Set $\alpha = \limsup_{n\to\infty} |a_n|^{1/n}$. We show the series converges absolutely for $|z-z_0| < 1/\alpha$ and diverges for $|z-z_0| > 1/\alpha$.

Convergence for $|z-z_0| < 1/\alpha$:

Choose $\rho$ with $|z-z_0| < \rho < 1/\alpha$, so $\alpha < 1/\rho$. Since $\alpha = \limsup |a_n|^{1/n}$, there exists $N$ such that $|a_n|^{1/n} < 1/\rho$ for all $n \geq N$. Therefore $|a_n| < 1/\rho^n$ for $n \geq N$, giving

$|a_n(z-z_0)^n| < \left(\frac{|z-z_0|}{\rho}\right)^n$

for $n \geq N$. Since $|z-z_0|/\rho < 1$, the series $\sum (|z-z_0|/\rho)^n$ converges (geometric series), so $\sum a_n(z-z_0)^n$ converges absolutely by comparison.

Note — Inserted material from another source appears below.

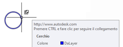 Nota: Se il contrassegno del cursore e la descrizione comando del collegamento ipertestuale non vengono visualizzati come nell'immagine precedente, utilizzare la procedura descritta nella sezione successiva per verificare che all'oggetto sia stato associato un collegamento ipertestuale. Se è stato associato un collegamento ipertestuale, assicurarsi che il contrassegno del cursore e la descrizione comando del collegamento ipertestuale siano attivati immettendo OPZIONICOLLIPERT alla riga di comando e immettendo Sì in risposta a "Visualizzare cursore collegamento ipertestuale, descrizioni e menu di scelta rapida?" .

Divergence for $|z-z_0| > 1/\alpha$:

Choose $\rho$ with $1/\alpha < \rho < |z-z_0|$, so $\alpha > 1/\rho$. Since $\alpha = \limsup |a_n|^{1/n}$, the inequality $|a_n|^{1/n} > 1/\rho$ holds for infinitely many $n$. For these $n$:

$|a_n(z-z_0)^n| > \left(\frac{|z-z_0|}{\rho}\right)^n \to \infty.$

The terms do not converge to zero, so the series diverges.

The boundary $|z-z_0| = 1/\alpha$:

Both convergence and divergence can occur on the boundary circle. For example, $\sum z^n/n^2$ ($R = 1$, converges on $|z|=1$) and $\sum z^n$ ($R = 1$, diverges on $|z|=1$) have the same radius but different boundary behavior. $\blacksquare$